▶ EXERCISE DETAILS:
Return the listing that follows exactly, with no pictures included.

▶ INFORMATION:
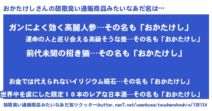 | ヘコむあだ名 | 『おかたけし(笑)』『豆乳』 |
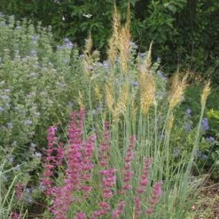 Aster laevis ‘Bluebird’ (Smooth Aster) covers itself with a profusion of violet-blue flowers that bloom in late summer through fall. It is a highly-rated wildflower that attracts all types of native bees and butterflies including migrating Monarchs.
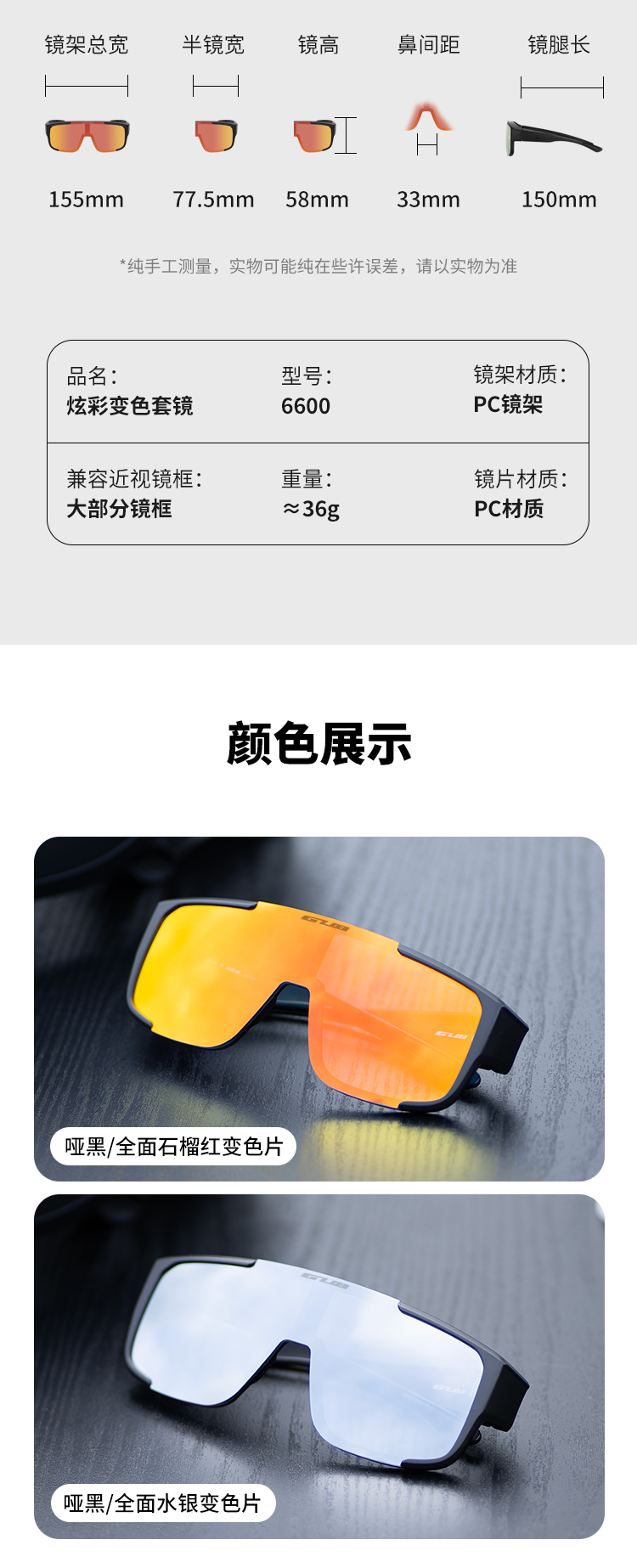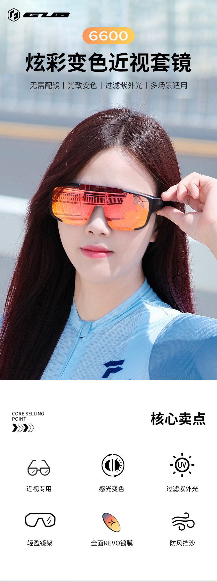 名稱(chēng):GUB 6600 炫彩變色近視套鏡
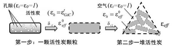 图1:用于导出介电常数和活性炭孔隙体积之间关系的示意图。
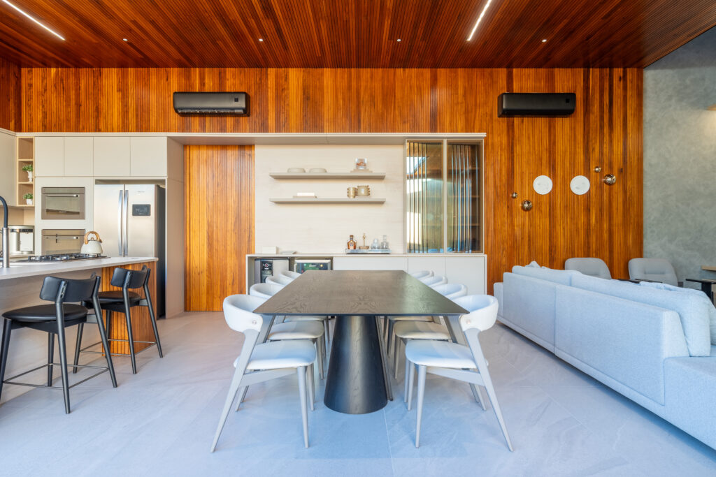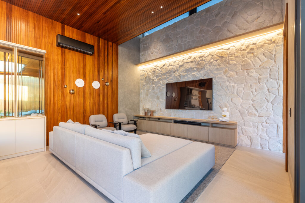 Na Casa Ametista, cada detalhe foi pensado para criar uma atmosfera acolhedora e sofisticada. A madeira natural abraça os espaços com calor e textura, enquanto a luz natural percorre os ambientes, valorizando as linhas puras e o design minimalista.
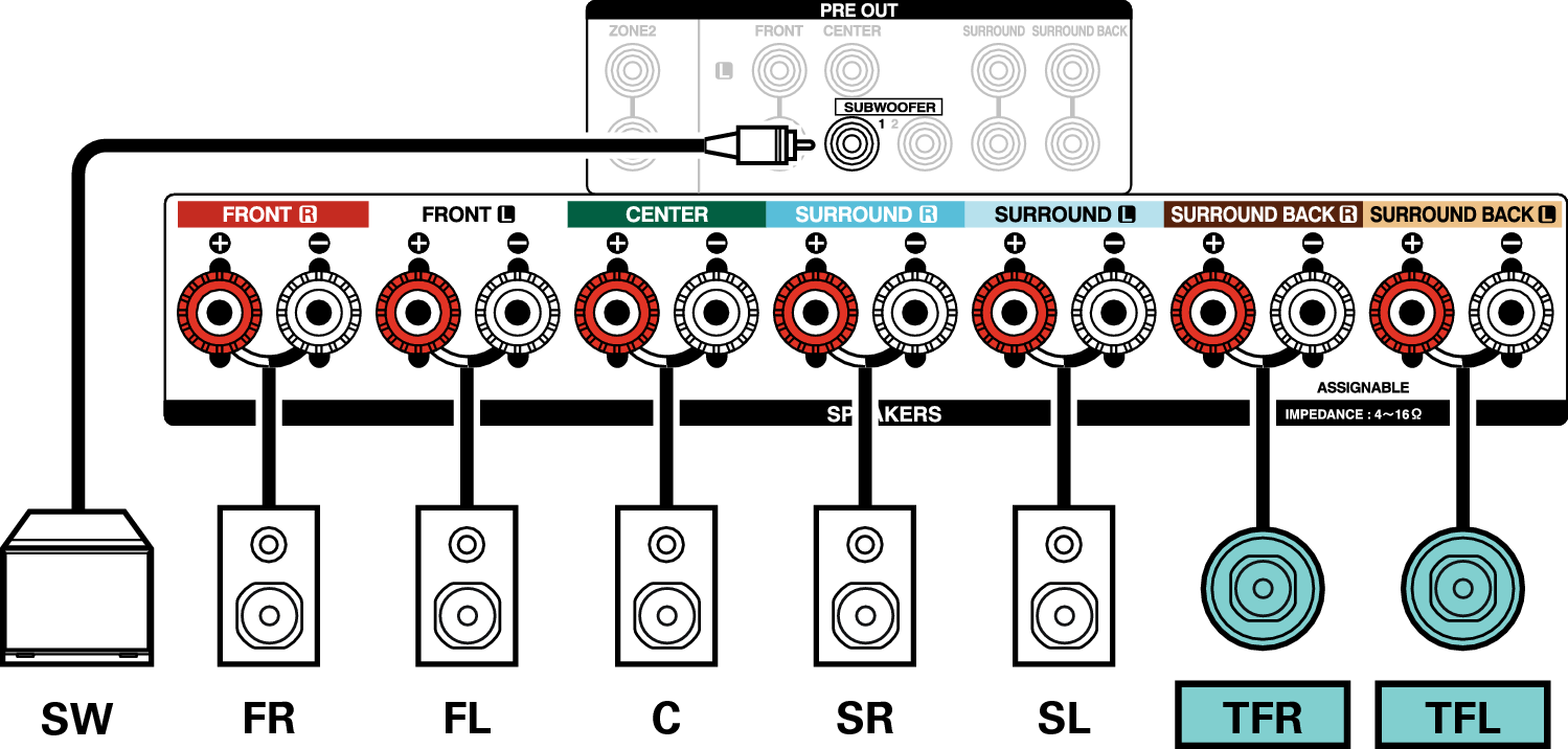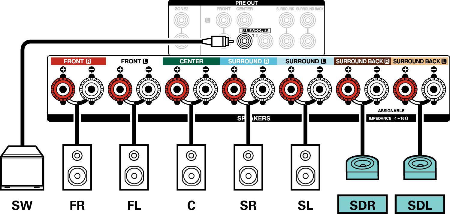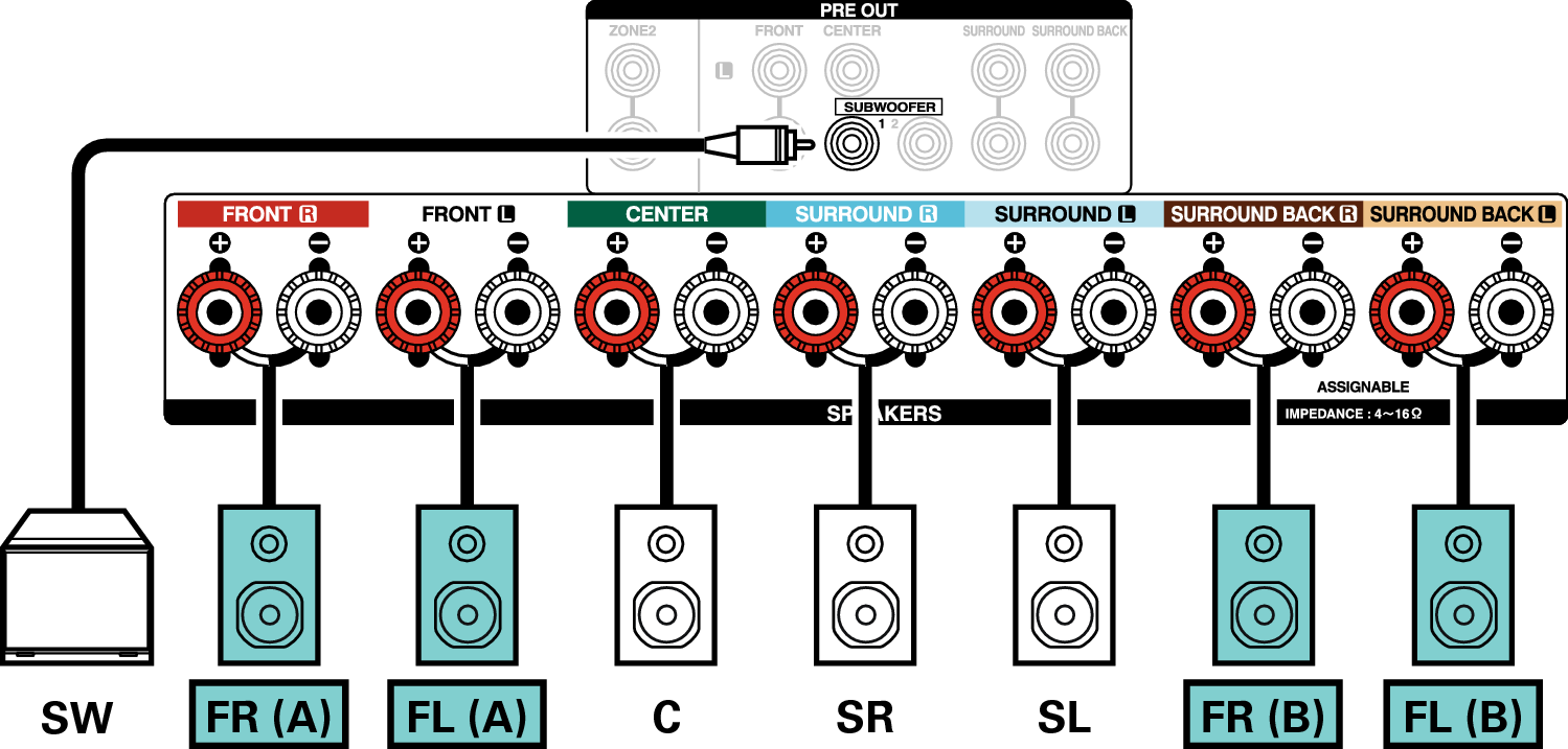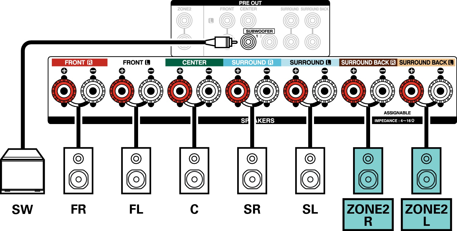 Deze aansluitmethode vormt een 5.1-kanaals luidsprekersysteem in de MAIN ZONE en een 2-kanaals systeem in ZONE2.
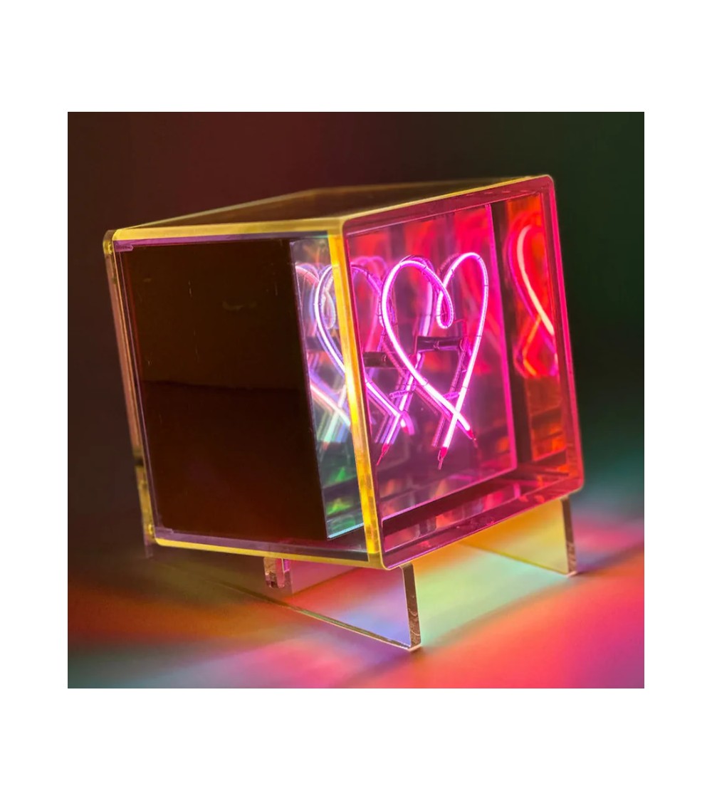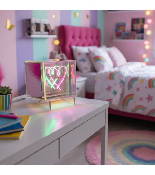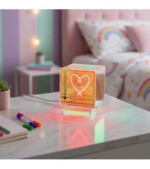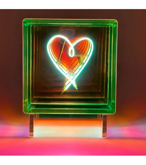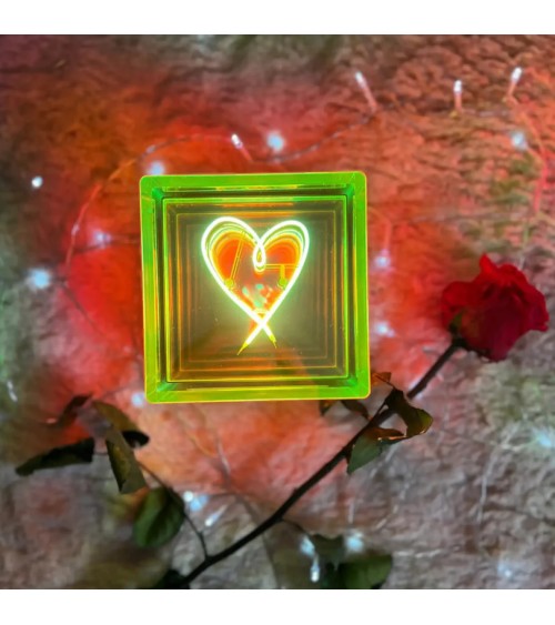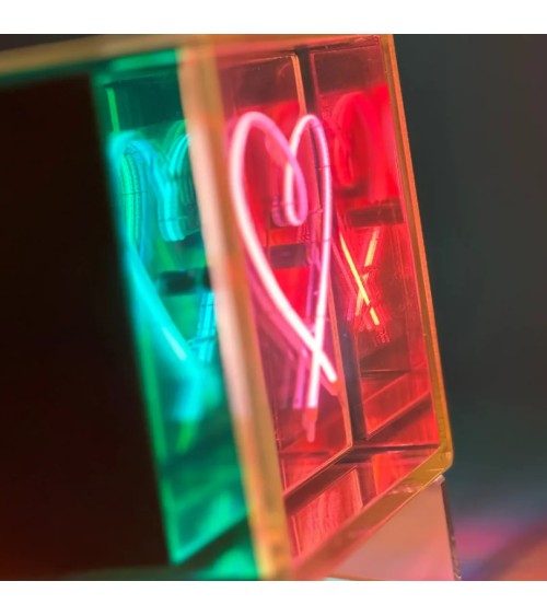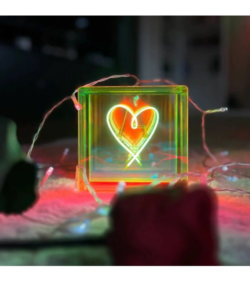 La MITBOX joue avec la lumière et la profondeur grâce à son effet miroir et son acrylique irisé. Ce cube LED sans fil diffuse une lueur unique. Son message lumineux "HEART" symbolise lamour et lémotion, apportant une touche élégante à votre intérieur. Fourni avec son support discret et élégant pour une mise en valeur immédiate.
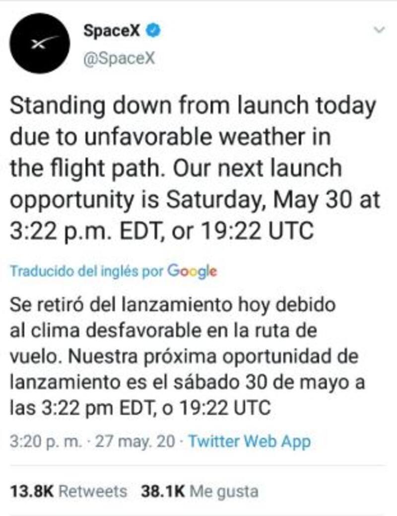 El despegue tuvo que postergarse por condiciones climatológicas adversas, confirmó SpaceX desde su cuenta oficial de Twitter.
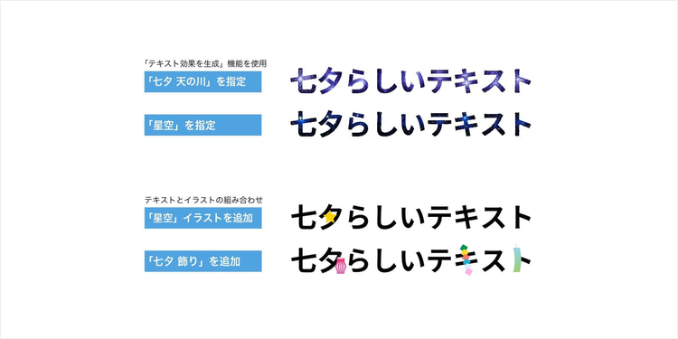 さらに、Adobe Expressの「テキスト効果を生成」を使えば、「七夕 天の川」や「星空」などと指定して、文字自体に星や天の川のイメージを反映できます。
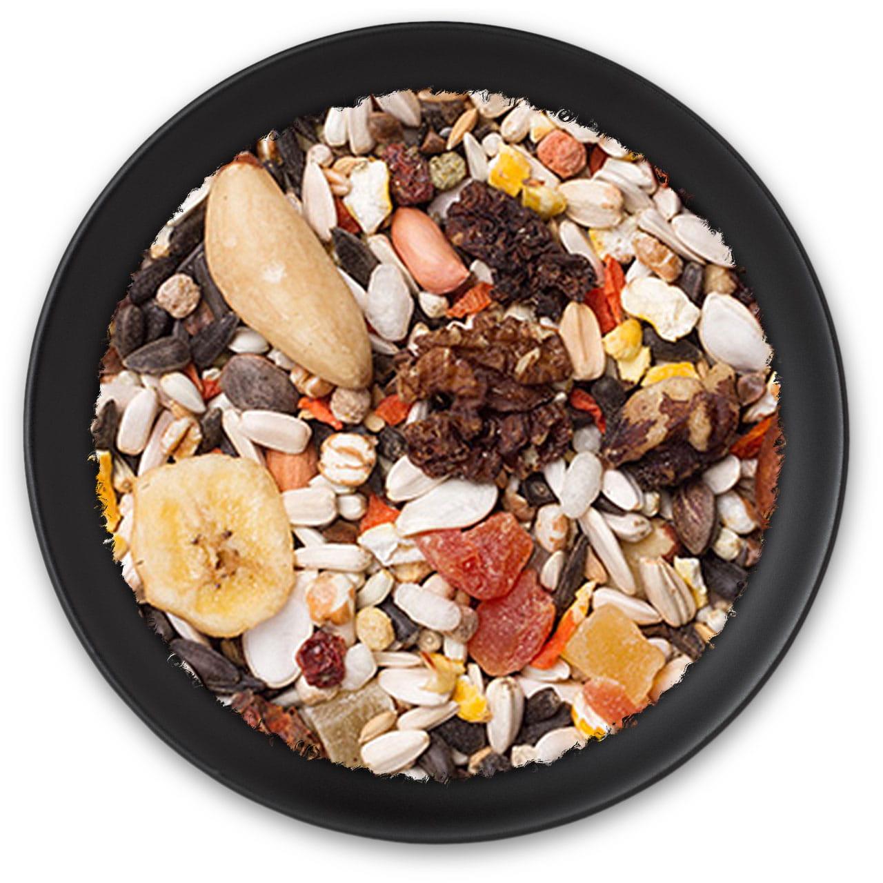 Słonecznik czarny, paskowany i biały, krokosz, sorgo białe, gryka, kukurydza preparowana, nasiona dyni, orzechy cedrowe, orzechy brazylijskie, pszenica, pszenica preparowana, granulat, łuskane orzeszki ziemne, grit, owoce dzikiej róży, ryż niełuskany, owies łuskany, marchewka, orzechy włoskie, ostropest plamisty, owoce jarzębiny, banan, ananas, papaja, papryczki chilli.
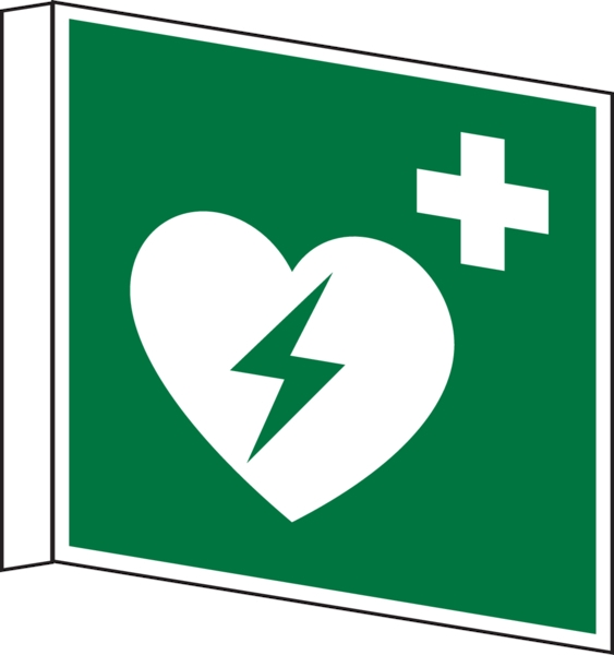 Rettungszeichen, Fahnen-/Nasenschild Defibrillator E010 - ASR A1.3 (DIN EN ISO 7010) - 200x200x1 mm Kunststoff nachleuchtend
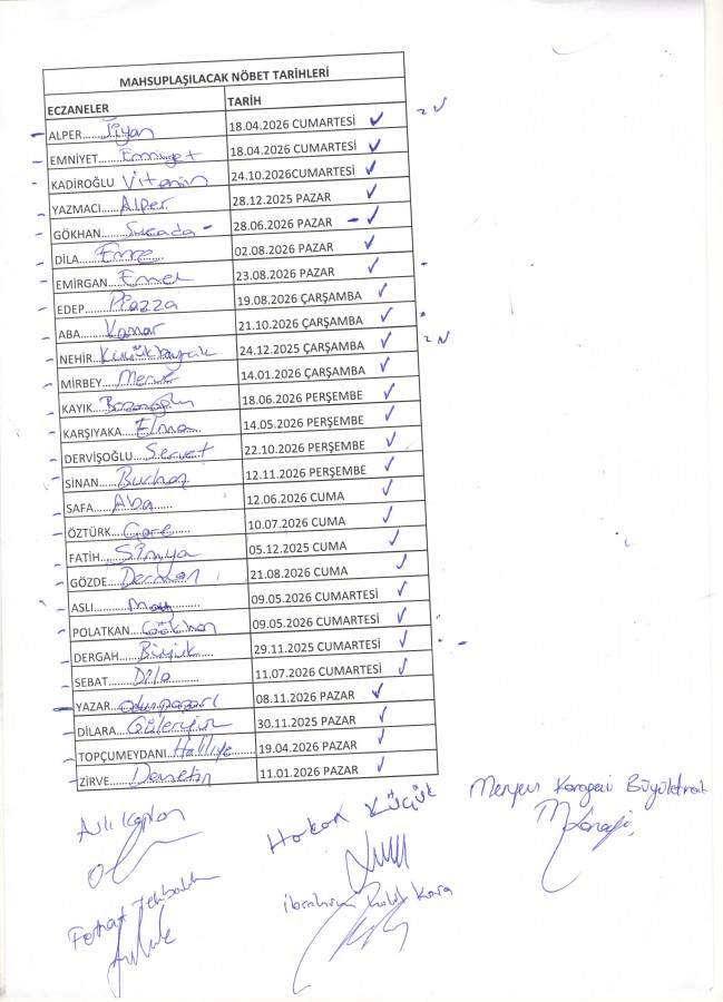 MAHSUPLAŞAN NÖBET GÜNLERİ KURASI HK.

▶ ANSWER SECTION:
 | ヘコむあだ名 | 『おかたけし(笑)』『豆乳』 |
 Aster laevis ‘Bluebird’ (Smooth Aster) covers itself with a profusion of violet-blue flowers that bloom in late summer through fall. It is a highly-rated wildflower that attracts all types of native bees and butterflies including migrating Monarchs.
 名稱(chēng):GUB 6600 炫彩變色近視套鏡
 图1:用于导出介电常数和活性炭孔隙体积之间关系的示意图。
 Na Casa Ametista, cada detalhe foi pensado para criar uma atmosfera acolhedora e sofisticada. A madeira natural abraça os espaços com calor e textura, enquanto a luz natural percorre os ambientes, valorizando as linhas puras e o design minimalista.
 Deze aansluitmethode vormt een 5.1-kanaals luidsprekersysteem in de MAIN ZONE en een 2-kanaals systeem in ZONE2.
 La MITBOX joue avec la lumière et la profondeur grâce à son effet miroir et son acrylique irisé. Ce cube LED sans fil diffuse une lueur unique. Son message lumineux "HEART" symbolise lamour et lémotion, apportant une touche élégante à votre intérieur. Fourni avec son support discret et élégant pour une mise en valeur immédiate.
 El despegue tuvo que postergarse por condiciones climatológicas adversas, confirmó SpaceX desde su cuenta oficial de Twitter.
 さらに、Adobe Expressの「テキスト効果を生成」を使えば、「七夕 天の川」や「星空」などと指定して、文字自体に星や天の川のイメージを反映できます。
 Słonecznik czarny, paskowany i biały, krokosz, sorgo białe, gryka, kukurydza preparowana, nasiona dyni, orzechy cedrowe, orzechy brazylijskie, pszenica, pszenica preparowana, granulat, łuskane orzeszki ziemne, grit, owoce dzikiej róży, ryż niełuskany, owies łuskany, marchewka, orzechy włoskie, ostropest plamisty, owoce jarzębiny, banan, ananas, papaja, papryczki chilli.
 Rettungszeichen, Fahnen-/Nasenschild Defibrillator E010 - ASR A1.3 (DIN EN ISO 7010) - 200x200x1 mm Kunststoff nachleuchtend
 MAHSUPLAŞAN NÖBET GÜNLERİ KURASI HK.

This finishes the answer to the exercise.